Friday, August 22, 2008

Micro Markets – The new growth engine for 2008

Micro Markets – The new growth engine for 2008
According to latest 2Q 2008 Asia Pacific Property Digest research from Jones Lang LaSalle

India, 20 August 2008 - The office property markets have continued to post growth over the past few years. However, the last few quarters, have witnessed a polarization of office markets in terms of growth in demand across the country, reports Jones Lang LaSalle Meghraj in its second quarter 2008 Asia Pacific Property Digest (APPD), a comprehensive quarterly report providing market update, significant trends in office markets in India.
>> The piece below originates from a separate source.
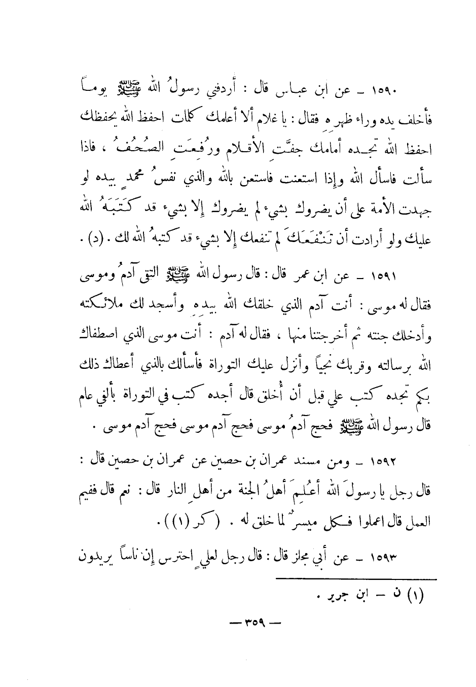 1591 - عن ابن عمر قال: قال رسول الله صلى الله عليه وسلم "التقى آدم وموسى فقال له موسى: أنت آدم الذي خلقك الله بيده وأسجد لك ملائكته وأدخلك جنته ثم أخرجتنا منها، فقال له أدم: أنت موسى الذي اصطفاك الله برسالته وقربك نجيا وأنزل عليك التوراة فأسألك بالذي أعطاك ذلك بكم تجده كتب علي قبل أن أخلق قال أجده كتب في التوراة بألفي عام قال رسول الله صلى الله عليه وسلم فحج آدم موسى فحج آدم موسى فحج آدم موسى".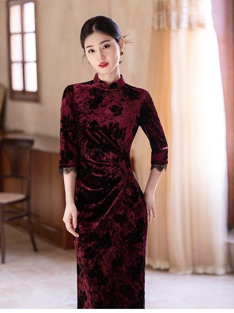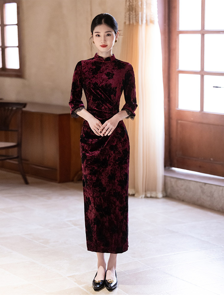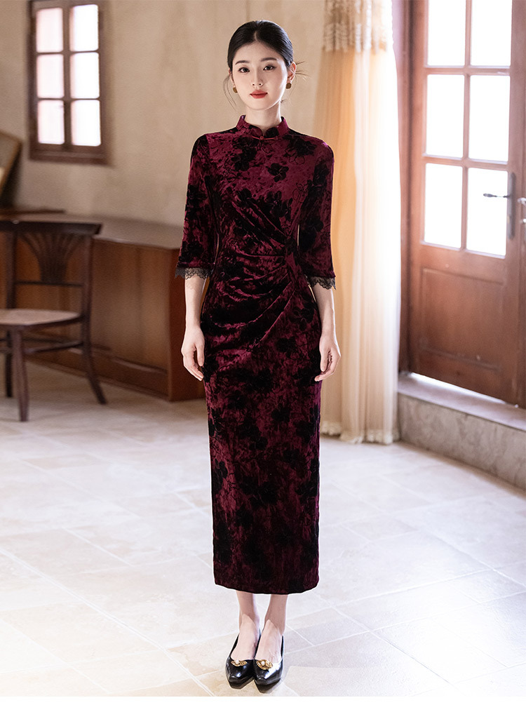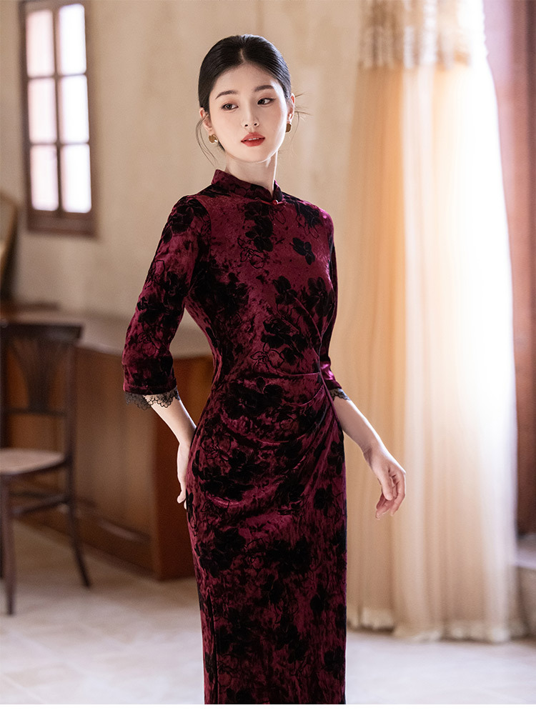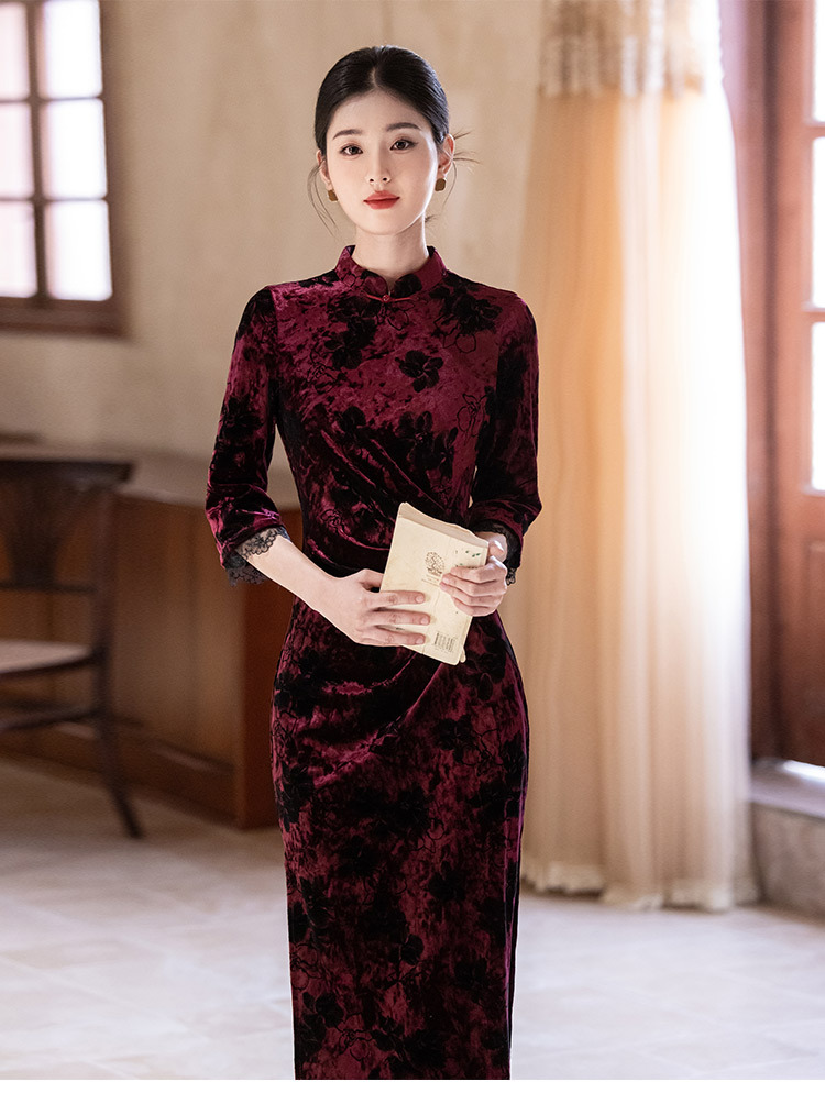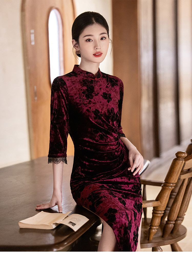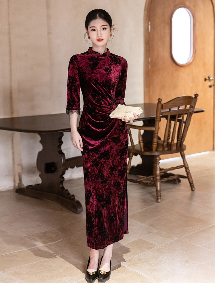 SC22220红色丝绒国风新中式秋季长袖旗袍2025新款年轻款女复古收腰秋冬装

The office markets, across six Indian cities including Mumbai, Delhi NCR, Bangalore, Chennai, Hyderabad and Kolkata, can categorized into three broad segments

(1) first segment includes markets which are likely to be “susceptible” in terms of retarded demand growth for the remaining half year of 2008.
(2) second segment includes micro markets which are “strong” in terms of maintaining demand growth for the next two quarters, and
(3) third set includes micro markets which have “high potential” in terms of improving demand growth for the rest of the year.

Anuj Puri, Chairman and Country Head, Jones Lang LaSalle Meghraj says, “It is interesting to note that the “high potential” office micro markets, anticipated to clock increased growth in demand, would do so essentially on the back of affordable product values, improving infrastructure and enhanced product being delivered. It is expected that over the next 8-10 quarters, such markets could witness strong pre-leasing commitments by occupiers despite robust supply pipelines, which are in place.”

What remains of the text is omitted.